828 S.W.2d 351 | Ark. | 1992
The appellant, Richard Lee Mitchael, was convicted of raping his seven year old stepdaughter and sentenced to thirty-five years imprisonment. He contends the Trial Court erred by (1) refusing to grant a mistrial when a witness referred to a warrant that had been issued for his arrest on a prior offense, (2) admitting his work records as evidence under the business records exception to the hearsay rule absent testimony from the custodian or other qualified witness, and (3) refusing to grant his motion for new trial based on ineffective assistance of counsel. We hold (1) the reference to the prior warrant was not sufficient to cause a mistrial, (2) a qualified witness testified with respect to the business records, and (3) Mitchael has not demonstrated ineffective assistance of counsel. We affirm the conviction.
Testimony showed that on June 27,1990, the victim and her family went swimming at the Alma Swimming Pool. The group included the victim’s mother, her brother, and Mitchael. Everyone returned to the house late that afternoon, and the mother left for work about 3:15 p.m. The brother left the house shortly thereafter. Mitchael was left babysitting the victim because it was his day off from work.
The victim testified she was sitting in the living room watching cartoons when Mitchael pulled her into his bedroom and onto the bed where he raped her. She described the incident in detail. Mitchael told her he would buy some diapers for her doll if she would not tell anyone. He later purchased and gave her the diapers.
At first, the victim did not tell her mother what had happened because she was afraid. The day after the rape occurred, she left to visit an aunt. Upon returning a week later, the victim revealed what had happened, and her mother took her to a doctor who examined her and found evidence of penetration.
Mitchael claimed the rape did not occur and that the victim was lying. He presented the testimony of his father, mother, and that of a son from a previous marriage. They testified Mitchael was at work on the 27th until 4:30 p.m. when he came by his parent’s house to pick up his son, Robert. Mitchael then took Robert to Mitchael’s house to spend the night. Robert testified he spent the evening at his father’s house playing Nintendo. He further stated the victim acted normally and watched television in the living room. Robert saw nothing unusual happen that night. The victim and her mother testified Robert was not at their house on the 27th.
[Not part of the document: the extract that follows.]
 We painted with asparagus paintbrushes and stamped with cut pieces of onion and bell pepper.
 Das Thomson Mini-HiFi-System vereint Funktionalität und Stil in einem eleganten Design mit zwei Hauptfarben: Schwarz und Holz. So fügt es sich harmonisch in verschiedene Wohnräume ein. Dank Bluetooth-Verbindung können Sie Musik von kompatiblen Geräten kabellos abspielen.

Mitchael’s mother and father also'stated the victim had lied on several prior occasions. They admitted, however, that the lies always related to disputes between children.
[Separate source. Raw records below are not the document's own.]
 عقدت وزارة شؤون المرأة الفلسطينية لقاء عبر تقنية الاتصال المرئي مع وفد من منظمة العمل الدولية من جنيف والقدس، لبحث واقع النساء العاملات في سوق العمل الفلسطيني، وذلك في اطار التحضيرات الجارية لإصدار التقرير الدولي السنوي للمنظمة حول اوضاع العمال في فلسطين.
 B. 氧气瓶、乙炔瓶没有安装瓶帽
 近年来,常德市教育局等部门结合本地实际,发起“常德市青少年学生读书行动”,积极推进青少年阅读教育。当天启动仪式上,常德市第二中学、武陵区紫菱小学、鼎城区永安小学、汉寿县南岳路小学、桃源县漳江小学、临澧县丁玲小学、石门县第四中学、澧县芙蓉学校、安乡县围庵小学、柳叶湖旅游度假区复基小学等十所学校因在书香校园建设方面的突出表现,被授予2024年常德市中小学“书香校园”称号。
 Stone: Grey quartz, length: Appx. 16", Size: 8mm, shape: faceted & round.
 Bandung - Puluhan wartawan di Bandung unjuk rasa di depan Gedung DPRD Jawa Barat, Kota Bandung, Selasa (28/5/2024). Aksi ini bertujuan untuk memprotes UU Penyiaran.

Mitchael also attempted to prove that the victim had some knowledge about sexual activities before the 27th. This evidence was apparently presented to explain how a seven-year-old could testify in such graphic detail about sexual activities. Mitchael stated that a week before the incident allegedly occurred the victim walked into the living room while he was watching a pornographic movie. The movie allegedly depicted activities similar to the activities the victim said occurred between herself and Mitchael. The victim said she remembered walking into the living room while Mitchael was watching the movie; however, she was very confused about what exactly she saw.
Mitchael also testified he went to work at SSI Incorporated on the 27th and then to his parent’s house to pick up Robert, and Robert spent the night at Mitchael’s house. Mitchael said he was not in the house alone with the victim and had not touched her. He also stated he was impotent on the 27th. The mother contradicted that contention. Dr. Ross, who examined Mitchael for a prostate infection on July 12th, stated impotence could be a symptom of a prostate infection. The doctor did not know, however, whether Mitchael was suffering from the infection on the 27th.
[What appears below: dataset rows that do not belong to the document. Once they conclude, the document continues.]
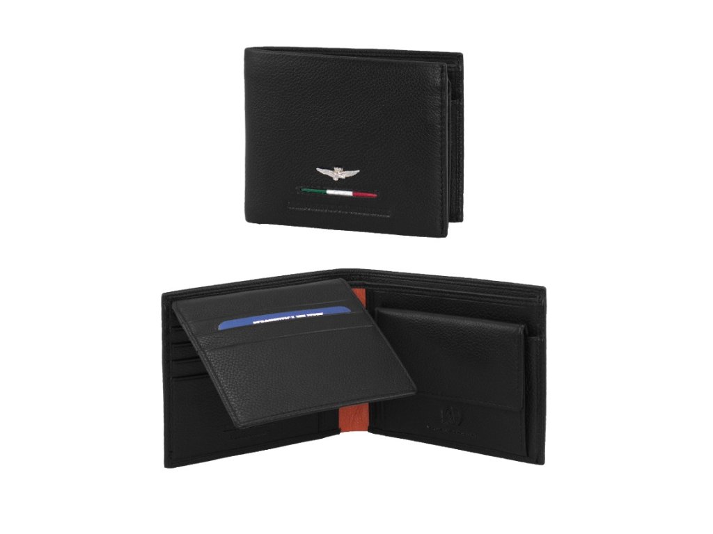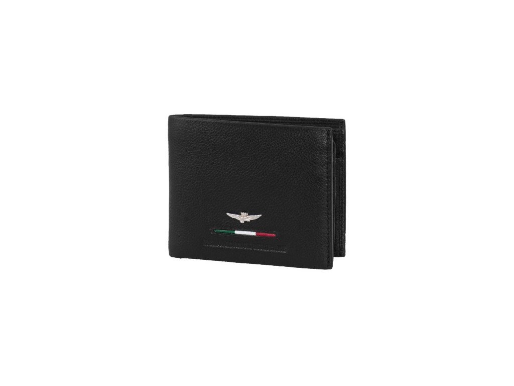 Pánská kožená peněženka italské prestižní značky Aeronautica Militare série Fighter v oblíbené černé barvě. Stylová peněženka, která se hodí pro sportovně založené muže, kteří si potrpí i na eleganci.
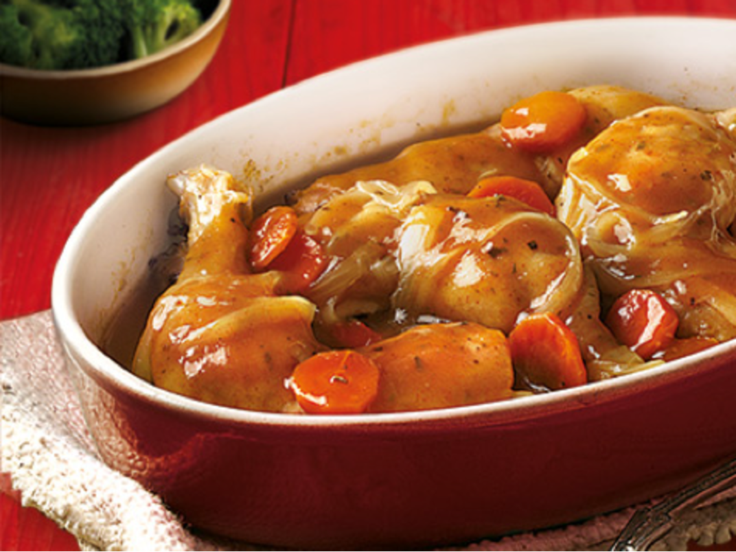 - - Recipe - Serves 4 Cooking time - 1 hour 1 sachet Colman's Chicken Casserole Seasoning Mix 1 tbsp vegetable oil 4 skinless chicken portions 2 medium onions, sliced 3 carrots, sliced 425ml cold water Preheat the oven to 180°C, 170°C fan assisted, Gas Mark 4. Heat the oil in a frying pan, and fry the chicken and onions for 3-4 minutes until browned. Place in an ovenproof casserole dish with the carrots. Blend the contents of the sachet with the water and add to the casserole. Cover and cook for 1 hour, ensure chicken is thoroughly cooked. Enjoy with baked potatoes and seasonal vegetables. For Slow Cookers: Place the chicken, onions and carrots in the slow cooker and add sachet contents. Mix well, then stir in 350ml boiling water. Cover and cook on 'low' setting for 8-10 hours or 'high' setting for 4-6 hours until chicken is tender. Slow cookers vary. Instructions are based on a 3 litre model.
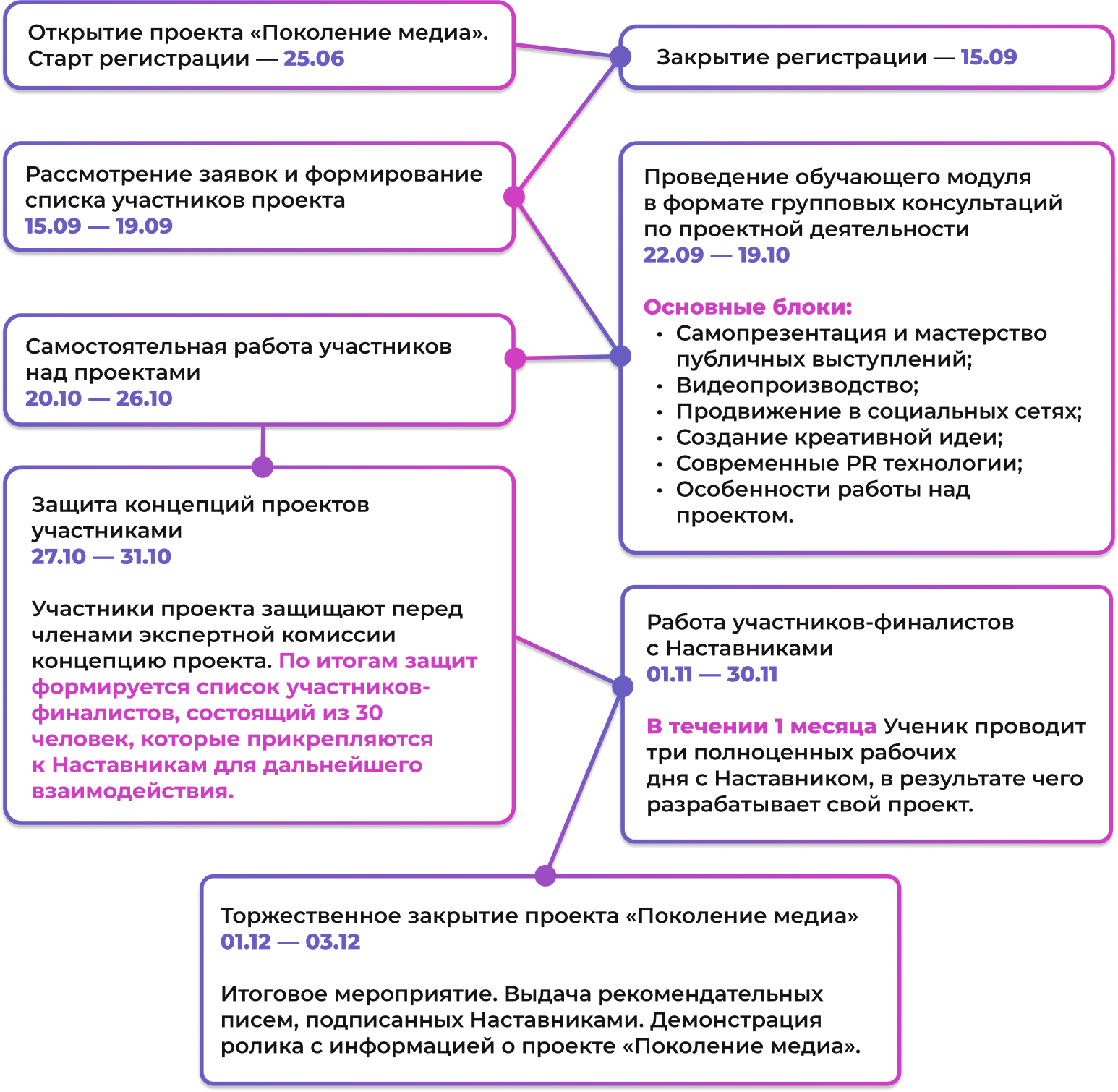 Участие в Проекте «Поколение медиа» могут принять студенты бакалавриата, специалитета, магистратуры всех форм обучения, являющиеся гражданами Российской Федерации или находящиеся в процессе получения гражданства.
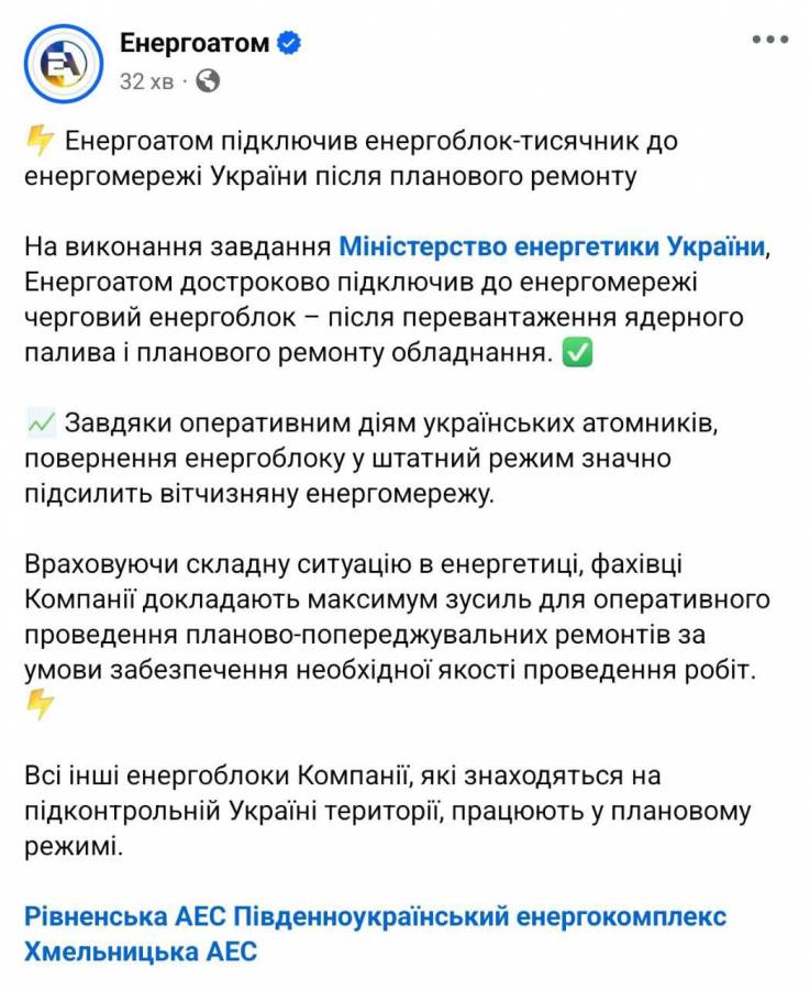 До початку повномасштабного вторгнення в Україні працювало 15 атомних енергоблоків, з яких зараз на підконтрольній Україні території 9 блоків (6 блоків розташовані на окупованій росіянами ЗАЕС).

In rebuttal, the State introduced Mitchael’s time card at SSI Incorporated through the testimony of Martine Anhalt. The time card showed that Mitchael was not at work on the 27th. This was contrary to Mitchael’s testimony, and that of his mother, father, and son.
The jury returned a guilty verdict. Judgment was entered on the verdict, and Mitchael moved for a new trial on the basis of ineffective assistance of counsel. The motion was denied.
1. Mistrial
The victim’s mother testified about filing the complaint against Mitchael with law enforcement authorities. The following colloquy occurred:
Q: You made a complaint?
A: Yeah, I filed a report.
Q: Once you filed a complaint, what took place then?
A: Well, they found that he had a warrant for his arrest.
Defense counsel immediately moved for a mistrial on the ground that the arrest warrant referred to a prior crime alleged against Mitchael. The Trial Court refused to grant the mistrial because the jury probably believed the warrant had been issued on the current rape charge. The mother had previously stated she had called the authorities on the current charge.
A mistrial is an extreme and drastic remedy to be resorted to only when there has been an error so prejudicial that justice cannot be served by continuing the trial. Russell v. State, 306 Ark. 436, 815 S.W.2d 929 (1991). The granting or denial of a motion for mistrial lies within the sound discretion of the trial judge, and the exercise of that discretion should not be disturbed on appeal unless an abuse of discretion or manifest prejudice to the complaining party is shown. King v. State, 298 Ark. 476, 769 S.W.2d 407 (1989).
Mitchael has not demonstrated the prejudice necessary for granting a mistrial. The Trial Court concluded, and we cannot disagree, that the jury could have believed the arrest warrant referred to the current rape charge.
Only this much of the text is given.